On plays when Smith would take a sack rather than try to force a pass into coverage, Kaepernick can avoid the pressure and either run the ball for a big gain or make a huge play downfield to one of the 49ers many talented receivers.

One of the things I was worried about before the season began with this young quarterback is that we didn't know whether or not he would be as careful with the football as Smith—who has been one of the best in the NFL since the beginning of 2011.

So far, Kaepernick has proven to me that he's capable of playing with the same kind of care and precision Smith has showed, but his upside is so much higher than Smith's. 

Sure, he needs to work on his touch. Sure, he is raw. But there isn't a throw he can't make, and the 49ers offense is significantly more dynamic with him behind center. 

Case in point: Vernon Davis. 

Davis hasn't been as involved in the passing game as I'm sure he'd like, and I know I'd like, for the better part of a month. He hasn't caught a touchdown pass since Week 3.

In his first career start, Kaepernick found Davis four times in the first quarter, including a three-yard touchdown pass. Kaepernick trusts his arm more than Smith does, and he's firing the ball into tighter spots than Smith feels comfortable doing. 

He's making the same checks at the line of scrimmage that we've seen from Smith the past couple of years, too. One play in particular that stands out to me from this game came in the first quarter: Kaepernick saw Randy Moss on an island on the left side of the field, changed the play and threw it right on the money for a first down. 

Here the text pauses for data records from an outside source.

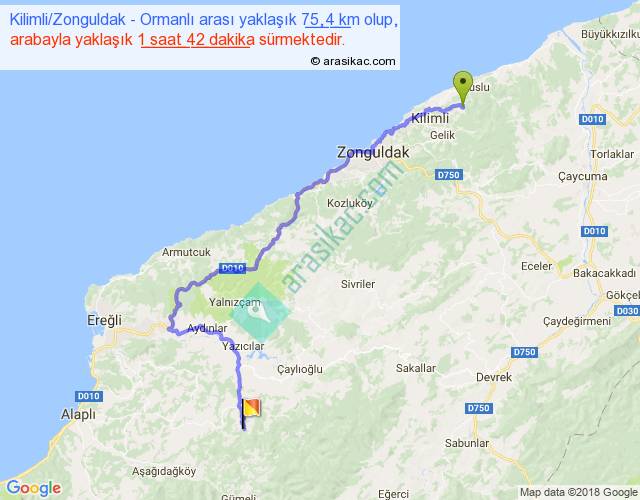 Kilimli Zonguldak - Ormanlı arası yaklaşık olarak 90 km/h ile yukarıda belirtilen sürede olup, iki yerin kuş uçuşu uzaklığı (mesafesi) 287'dir. Eğer belirtilen yerler arasında uçak seferi var ise bu süre uçakla 26 dakika'ya kadar düşebilir. Yolculuk otobüsle 7 saat 57 dakika sürmektedir.
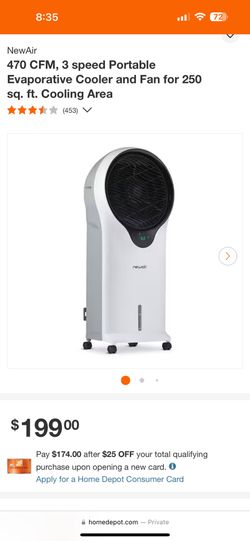 NewAir 470 CFM, 3 speed Portable Evaporative Cooler and Fan for 250 sq. ft. Cooling Area$120Las Vegas, NV
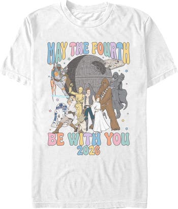 No need to keep looking for fashion help in Alderaan places! Transport yourself to a galaxy far, far away with this new Men's Star Wars May The Fourth Be 2026 Graphic T-Shirt! This tee features an awesome graphic of the iconic group of: Leia Organa, Luke Skywalker, Darth Vader, R2-D2, Chewbacca, Han Solo, C-3PO, and Boba Fett standing together in front of a Death Star and the Millennium Falcon surrounded by stars and the phrase: "May The Fourth Be With You 2026" printed in colorful lettering. Whether you’re attending a convention, hanging out with friends, or just enjoying a casual day out, don't miss out on cool Star Wars apparel. This galactic gear that celebrates the Star Wars franchise is perfect for fans everywhere!
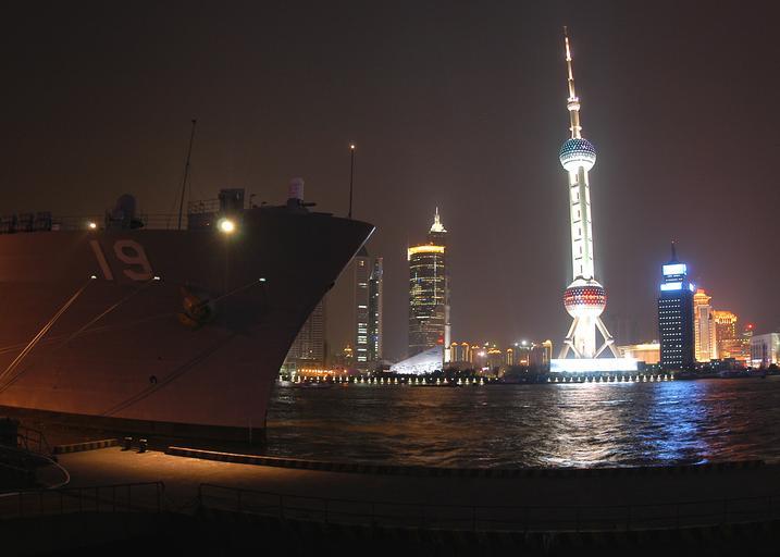 | Keywords: US Navy 040227-N-8955H-037 During a port visit to Shanghai, China, the Seventh Fleet command and control ship USS Blue Ridge (LCC 19) is moored to the Gaoyang Road pier for the first time since March 2001.jpg  en Shanghai China Feb 27 2004 During a port visit to Shanghai China the Seventh Fleet command and control ship USS Blue Ridge LCC 19 is moored to the Gaoyang Road pier for the first time since March 2001 Shanghai called Hu for short is a bustling metropolis located at the mouth of the Yangtze River Connected with Jiangsu and Zhejiang provincese in the west the city is exposed to the East China Sea in the east With a total area of 6341 square kilometers about 2 448 square miles and a population of more than 13 million Shanghai is China s largest city Sailors and Marines assigned to the Blue Ridge take in an opportunity to experience the local culture and interact with their counterparts from the People s Liberation Army Navy Blue Ridge is forward deployed to Yokosuka Japan U S Navy photo by Photographer's Mate 1st Class Novia E Harrington RELEASED 2004-02-27 040227-N-8955H-037 Navy http //www navy mil/view_image asp id 12213 U S Navy photo by Photographer's Mate 1st Class Novia E Harrington PD-USGov-Military-Navy Ships at night Buildings and structures in Shanghai at night Aboard USS Blue Ridge LCC-19 |

As of this moment, with 12:40 remaining in the second half on Monday Night Football against the Chicago Bears, Kaepernick has hit on 9-of-11 passes for 158 yards with one touchdown and zero interceptions.

Against. The. Bears.

Yes, Smith has been a winning quarterback since Harbaugh joined the franchise, but Kaepernick has what it takes to make the 49ers offense into one of the most feared units in the NFL.